Baies roses de bourbon

BAIES ROSES DE BOURBON – HISTOIRE

Autres noms : Poivre rose, Poivre de la Réunion, Poivre brésilien, Poivre d’Amérique, Poivre rouge, Poivre marron
Faux poivre, Sorbier, Encens, Café de chine.

Les nomades de tous pays connaissent depuis toujours les avantages des épices : Facilité de conservation séchée et faible encombrement. Les commerçants qui approvisionnaient l’Europe appréciaient ces qualités et y ajoutaient une très forte plus-value du fait du mystère entourant ces marchandises. l’Histoire nous apprend que l’exotisme et la noblesse de ces produits ont conduit quelquefois à des exubérances. Certaines recettes d’Apicius (IVème siècle de notre ère) comportent un nombre impressionnant d’épices et de plantes aromatiques.

A la fin du Moyen-Age, un tiers des recettes comportait du safran et la consommation de moutarde a atteint des sommets. Plus de 300 litres pour un seul repas servi en 1336 par le Duc de Bourgogne.

Les grands découvreurs du XVème et du XVIème siècle ont favorisé l’apparition de nouvelles épice : Piment, vanille, toute-épice était alors directement liée à l’approvisionnement et aux prix pratiqués. Les cours pouvant varier de un à dix suivant les arrivages, cela a favorisé la découverte de plantes indigènes servant de succédanés.

La Révolution Française et ensuite l’Empire ont limité fortement l’importation de plantes exotiques et il faudra attendre le XXème siècle pour qu’à nouveau l’engouement pour toutes ces plantes relance leur consommation.

De l’antiquité à la fin du moyen âge

Les premières descriptions de caravanes terrestres sont dues à Hérodote (vers 500 ans avant notre ère) qui décrit les convois partant pour un dangereux périple de trois ans qui devait les conduire jusqu’en Chine.
l’énormité de ces caravanes, parfois plus de mille bêtes de bât, l’insécurité des routes de l’époque et les nombreuses difficultés rencontrées justifiaient les prix exorbitants et le culte voué à ces merveilleuses marchandises que sont les épices.
l’attrait pour les régions, entre autres, productrices d’épices, poussa Alexandre le Grand jusqu’à l’Hindus qu’il atteignit en 326 avant Jésus Christ.
Les romains, à l’époque de Pline l’Ancien (23-79) ne connaissaient pas, quant à eux, la Chine. Ils ne pratiquaient le commerce des épices qu’avec les commerçants Arabes et Perses.

Ceci a sûrement contribué au déclin de l’Empire Romain. Les prix pratiqués à Rome atteignaient le centuple des prix d’achat. La multiplication des intermédiaires et les quasi-monopoles en place réussirent à maintenir des prix inimaginables aujourd’hui et cela, jusqu’au début du Moyen-Age.

Voici par exemple l’histoire du muscadier. Cet arbre fournit des fruits toute l’année, jusqu’à 2000 graines par an et par arbre, et ce, sans soin particulier et pendant plus de 80 ans. Et pourtant la livre de macis se négociait à la fin du Moyen-Age l’équivalent d’une demi-vache et de trois moutons.

Durant tout le Moyen-Age les différents pouvoirs en place en Europe ont largement profité du négoce des épices pour lever de très lourdes taxes.
Les épices, et le poivre en particulier, ont très souvent été utilisées comme monnaie à part entière. Cela a laissé de nombreuses expressions qui enrichissent la langue française.

Il faudra attendre la fin du XIIIème siècle et le récit de Marco Polo pour pouvoir se faire une idée un peu plus précise de la répartition géographique et des méthodes de production des différentes espèces.

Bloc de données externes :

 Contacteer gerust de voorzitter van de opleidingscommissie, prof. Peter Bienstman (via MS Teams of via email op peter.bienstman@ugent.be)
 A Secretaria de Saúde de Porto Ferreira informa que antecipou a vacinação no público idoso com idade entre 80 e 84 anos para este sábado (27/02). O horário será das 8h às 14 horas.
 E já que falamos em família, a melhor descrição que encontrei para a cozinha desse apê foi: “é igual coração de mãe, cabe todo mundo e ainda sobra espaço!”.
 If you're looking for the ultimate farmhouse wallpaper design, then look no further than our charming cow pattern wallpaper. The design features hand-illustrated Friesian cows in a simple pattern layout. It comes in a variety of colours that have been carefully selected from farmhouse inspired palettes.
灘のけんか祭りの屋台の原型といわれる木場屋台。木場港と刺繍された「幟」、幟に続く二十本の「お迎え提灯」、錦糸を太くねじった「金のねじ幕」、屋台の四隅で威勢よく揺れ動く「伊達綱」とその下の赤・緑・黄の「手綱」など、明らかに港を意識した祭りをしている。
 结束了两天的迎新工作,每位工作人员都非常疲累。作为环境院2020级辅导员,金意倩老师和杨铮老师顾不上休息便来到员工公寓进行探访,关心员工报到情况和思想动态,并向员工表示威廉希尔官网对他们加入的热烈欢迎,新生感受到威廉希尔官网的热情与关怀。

Venise a su profiter du transport des armées partant pour les Croisades pour mettre en place une importante flotte. Elle deviendra entre le XIème et le XVème siècle la capitale européenne du négoce des épices.

La fermeture, en 1453, de la route des Indes par les Ottomans marquera la fin du Moyen-Age.

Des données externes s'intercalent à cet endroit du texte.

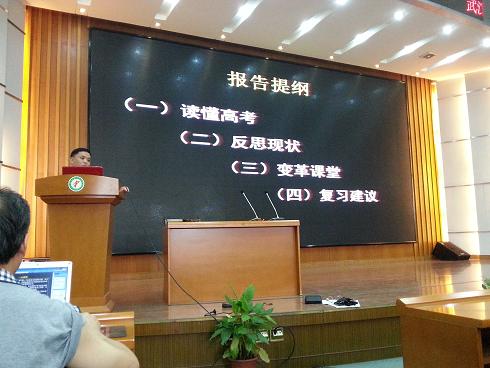 随后,江老师以本堂课为契机,做了精彩的报告。他从分析高考入手,再反思我们的教学现状,提出我们要变革课堂的要求,最后对后面的高三复习提出了建议。
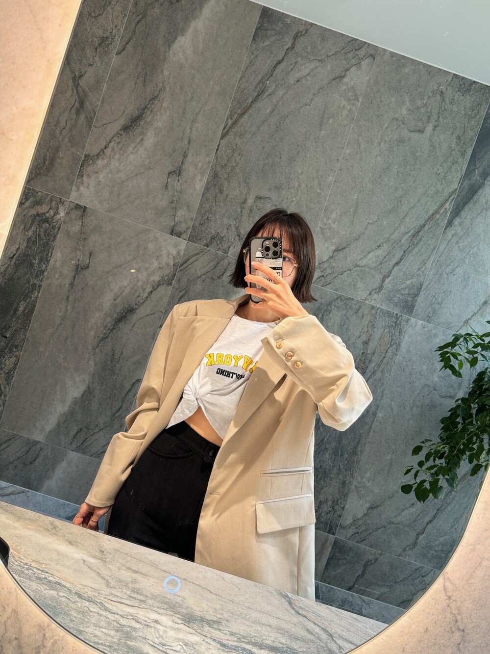 특징: 신축성 X, 비침 X, 안감 O , 두께감 보통, 무게감 보통
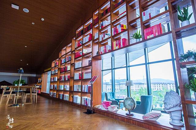 这里的书籍虽然很多,却并不显得拥挤,高大的隔断后就是通透巨大的落地窗。站在窗前,视野毫无障碍,全南这座小县城的身姿可见一斑。
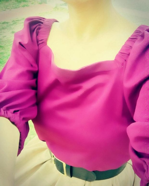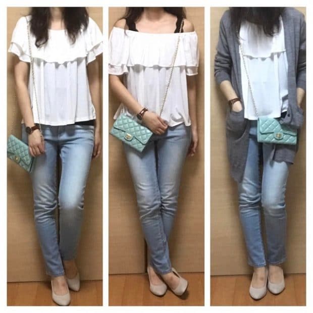 上半身にボリュームを出したくない人は2WAYオフショルダーT(7分袖)はいかが。オフショルダーとスクエアネックの2WAYができます。七分袖なので、冷房が効いた場所では、このくらいの袖の長さが目立たない冷え対策になりそうで◎。オフィスではスクエアネック、退社後のデートではオフショルダーという使い分けもできちゃうニクいアイテムです。こちらも990円(税別)とプチプライス!
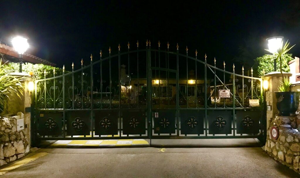 Enfin, rond 23:00 uur kom ik bij de camping en … sta voor een héél gróót gemeen gesloten tweedeurs Duits smeedijzeren hek van een paar meter hoog en wel tien meter breed. Het is elf uur geweest. Dusss … is de campong dicht, vergrendeld, afgesloten, sperrzeit!
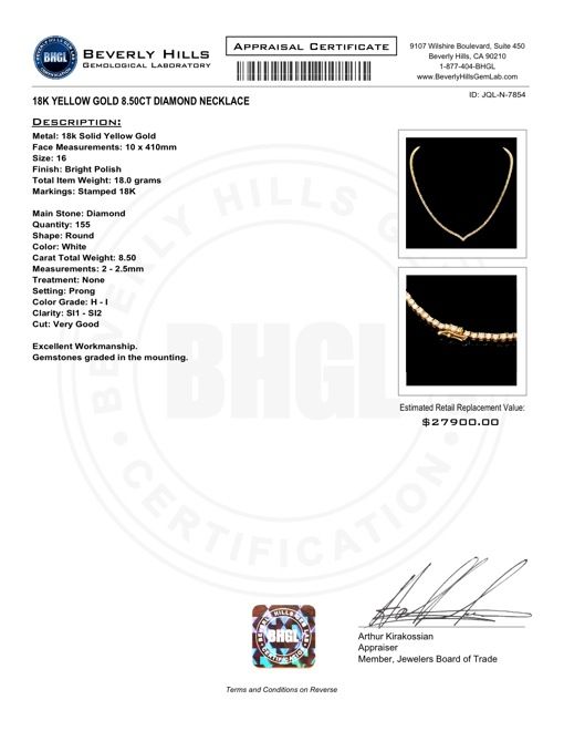 Retail: $27900.00 ****** Metal: 18k Solid Yellow Gold / Size: 16 / Total Item Weight: 18.0 grams / Country Made: USA / / Main Stone: Diamond / Color: White / Carat Total Weight: 8.50 / Treatment: None / Color Grade: H - I / Clarity: SI1 - SI2 / Cut: Very Good / ****** Ref: JQL-N-7854
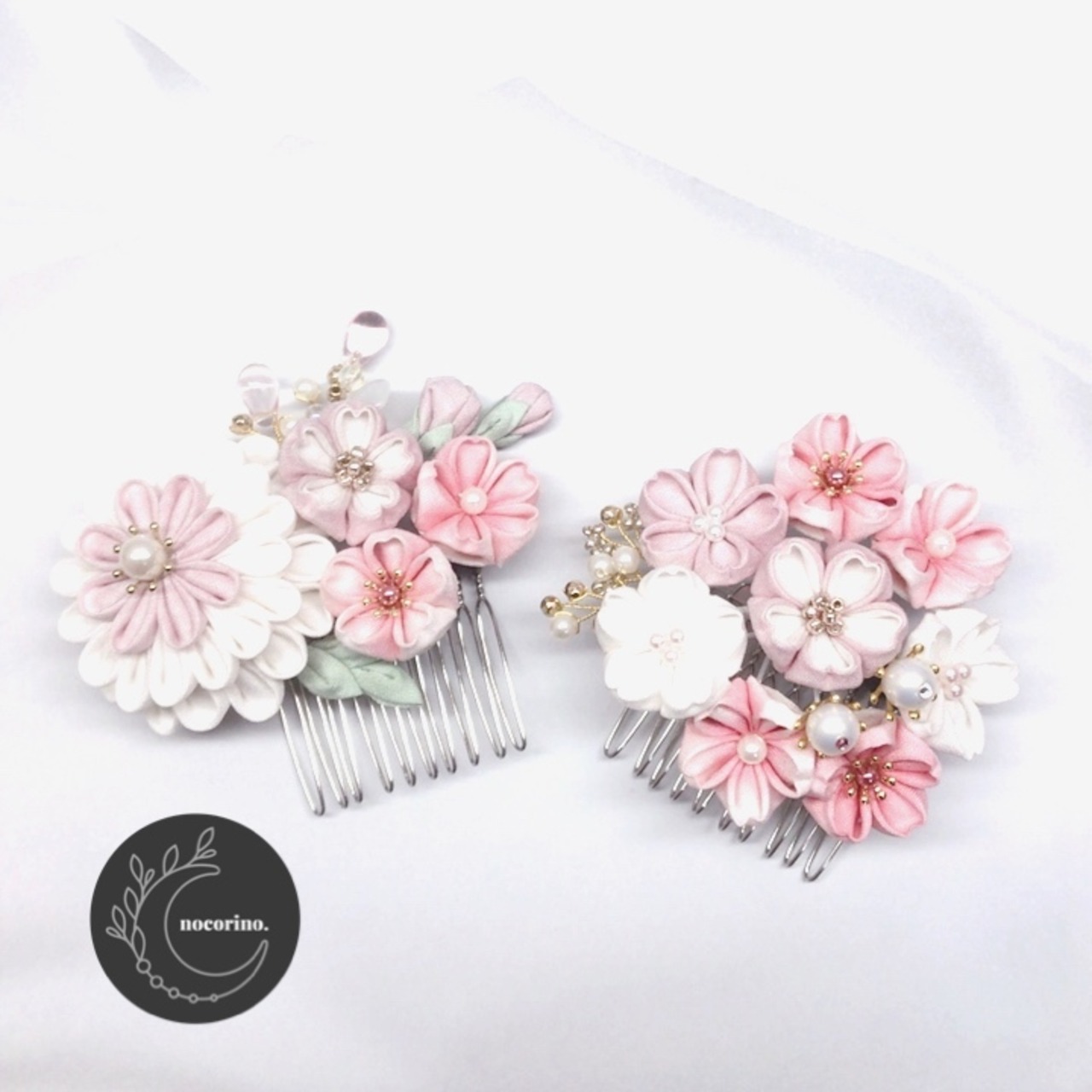 桜をメインに、パールやビーズの小枝をプラスし可愛いらしさがある髪飾りに仕上げました。

Les grains sont utilisés entiers, concassés, moulus.
Cette plante est originaire du Sud-ouest, de l’océan indien. Classé comme faux poivre il substitue le vrai poivre, mais est plus doux,et donne aux aliments une saveur sucrée entre la pointe de l’anisée et le poivre doux.

En vogue grâce à la cuisine de notre temps, il se marie avec les saveurs fraîches des fraises, des poires, mais aussi avec les viandes et les poissons grillés.